The word “fulsome” presents a problem that usage and etymology fail to sort out. It either means “abundant,” “offensive” or, perhaps as a compromise, “offensively abundant.” Dictionaries usually give at least the first two meanings while most usage guides insist on the third. The Associated Press Stylebook says “it means disgustingly excessive” and should not be used to mean “lavish or profuse.” The BBC News Styleguide says, probably incorrectly, that “fulsome is not a close relative of full, and does not mean generous.”
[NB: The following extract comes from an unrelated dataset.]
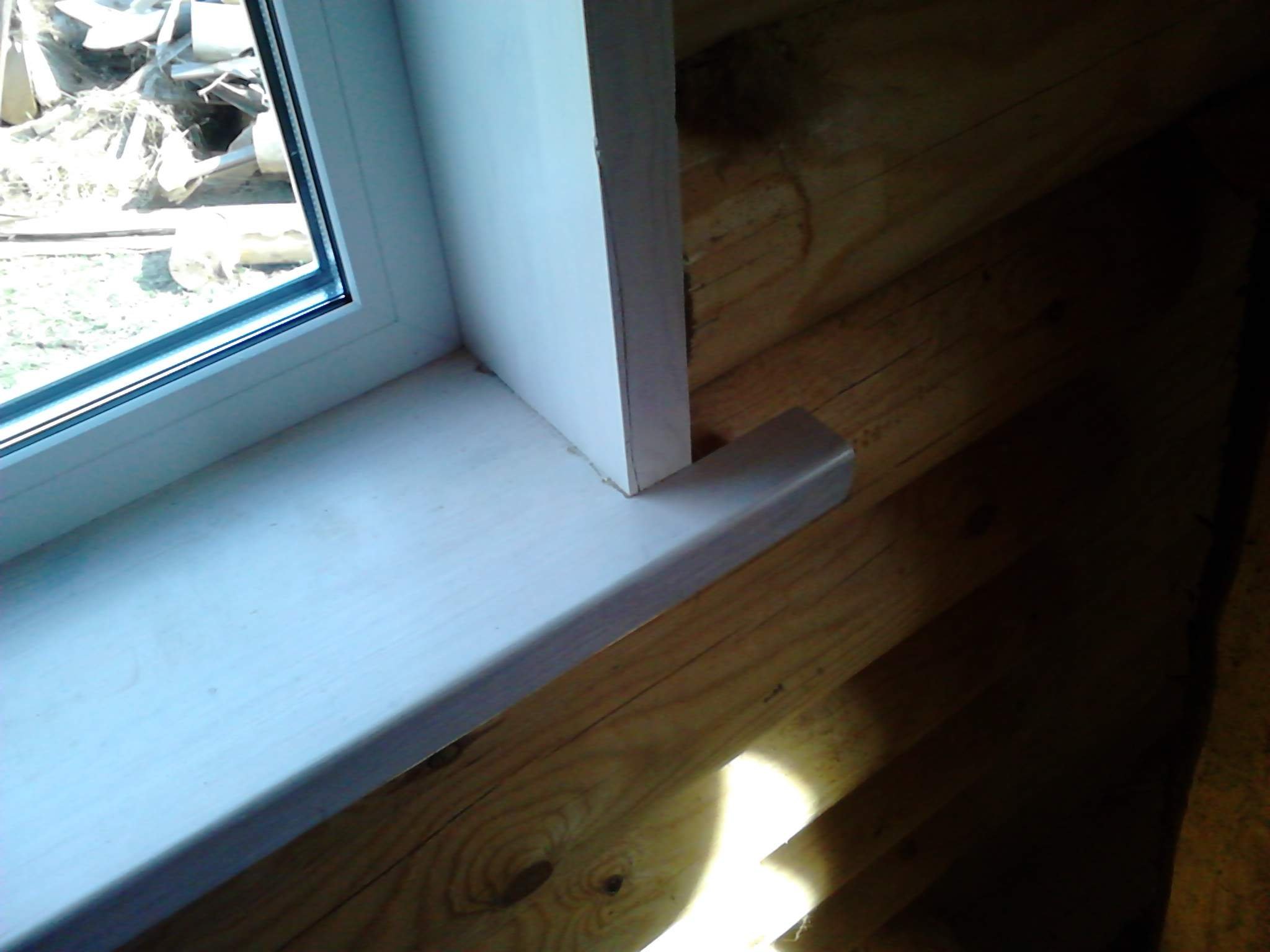 Окно с деревянным подоконником

The word might have derived from the word “foul,” giving the “offensive” meaning credence. But the Oxford English Dictionary and others suggest it comes from “full.” The OED’s corpus has a century of examples where the word meant “abundance” before examples where “excessive” or “foul” came into play.

The negative sense seems to have surpassed the positive sense centuries ago, although in recent usage the positive sense seems to predominate. According to the Online Etymology Dictionary, “since the 1960s, however, it commonly has been used in its original, favorable sense, especially in ‘fulsome praise.’”

In its 2002 survey of its usage panel, the American Heritage Dictionary found only 16 percent support for the “abundant” sense in the example: “The final report will furnish a more detailed and fulsome discussion of the details involved.”

How, then, should it be used? In the interest of clarity, it probably shouldn’t. Paul Brians on his “Common Errors in English Usage” website says of the disagreement over the word: “The first group tends to look down on the second group, and the second group tends to be baffled by the first. Best to just avoid the word altogether.”

If you use “fulsome” to mean “abundant,” you are likely to be corrected by those inclined to correct you. And it might be read as a negative anyway. Australia’s minister for climate change recently called a meeting with big polluters “constructive and fulsome” (Sydney Morning Herald, April 8, 2011). The context makes the meaning clear, but one has to wonder if he wasn’t making a joke with the double meaning.

You are probably safest to use it in the sense of negatively abundant if the context is clear: “…the crude or even vulgar products of our fulsome commodity society.” (Hoeveler, “Watch on the Right,” 1991). Clarity is achieved, and no nasty notes would question your use of the language.

But if those nasty notes from language peeves don’t bother you when history and common usage are on your side, go ahead and use “fulsome” to mean abundant. Just be careful your meaning is clear.